Kay Dalton

Biographical details
- Born: May 4, 1932 Moab, Utah, U.S.
- Died: August 22, 2022 (aged 90)

Playing career
- 1950–1953: Colorado State
- Position: End

Coaching career (HC unless noted)
- 1958–1960: Trinidad
- 1961–1965: Western State (CO)
- 1966: Montreal Alouettes (DC)
- 1967–1969: Montreal Alouettes
- 1970: BC Lions (WR/OL)
- 1971–1972: Colorado (QB)
- 1973: Colorado (recruiting)
- 1974–1976: Denver Broncos (WR)
- 1977: Buffalo Bills (WR)
- 1978–1979: Kansas City Chiefs (WR)
- 1980–1982: Kansas City Chiefs (QB/WR)
- 1983–1984: Houston Oilers (OC)
- 1985: Buffalo Bills (QB)
- 1986: Denver Broncos (SA)
- 1987–1988: Colorado State (OC)
- 1989–1999: Northern Colorado (OC)
- 2000–2005: Northern Colorado

Head coaching record
- Overall: 71–43 (college) 7–31–4 (CFL)
- Bowls: 0–1
- Tournaments: 2–1 (NCAA D-II playoffs)

Accomplishments and honors

Championships
- 2 Empire Junior College Conference (1959–1960) 3 RMC (1963–1965) 1 NCC (2002)

= Kay Dalton =

American gridiron football player and coach (1932–2022)

Orris Kay Dalton (May 4, 1932 – August 22, 2022) was an American football coach.

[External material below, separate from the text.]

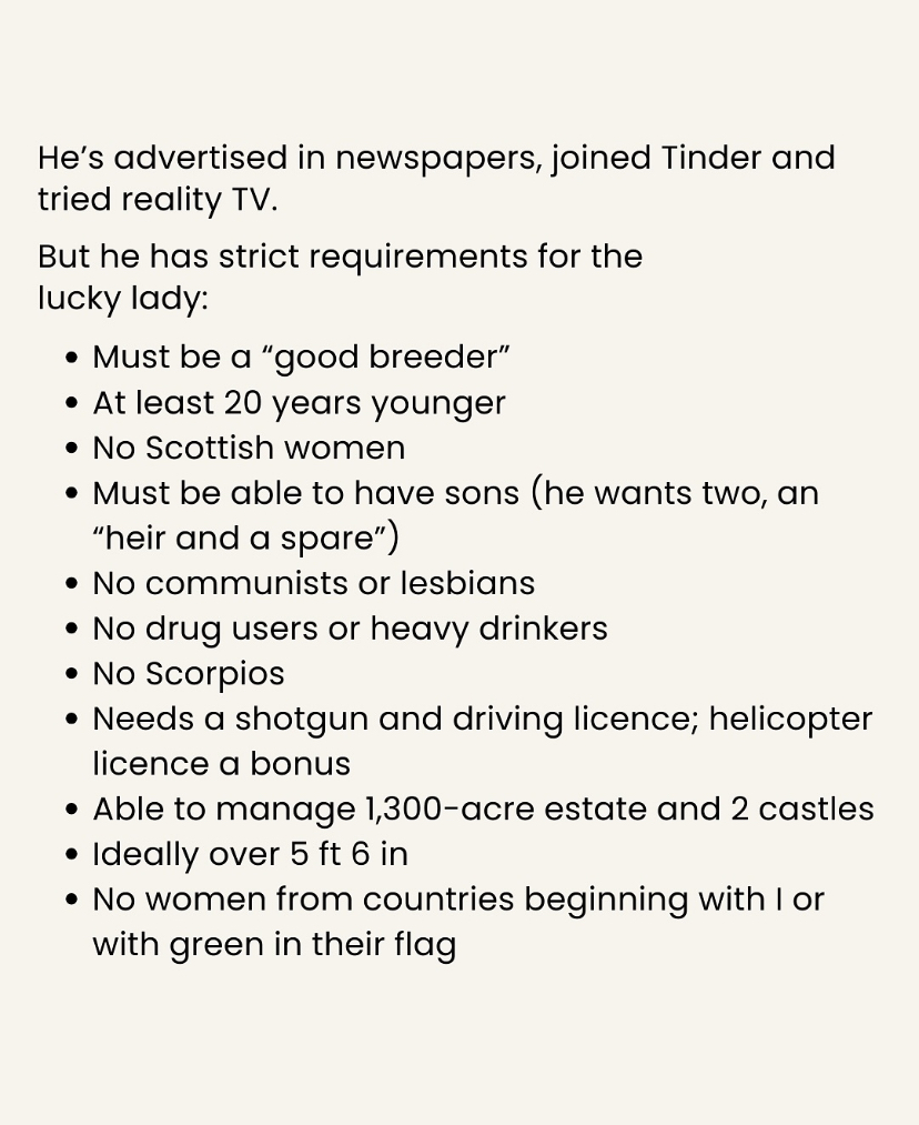 Sir Slade is reportedly advertising for a woman in her 20s or 30s who is willing to marry him and produce a male child.

He served as the head football coach at Western State College of Colorado—now known as Western Colorado University—from 1961 to 1965 and Northern Colorado University from 2000 to 2005, compiling a career college football coaching record of 71–43. Dalton was also the head coach for the Montreal Alouettes of the Canadian Football League (CFL) from 1967 to 1969, tallying a mark of 7–31–4.

==Biography==
Dalton began coaching in 1958 as Trinidad State Junior College's head coach. In 1961, he became head coach of Western State College. He had a 33–12 record at WSC, and in 1964 led the Mountaineers to the Mineral Water Bowl. In his five seasons as coach, he led WSC to four Rocky Mountain Conference championships.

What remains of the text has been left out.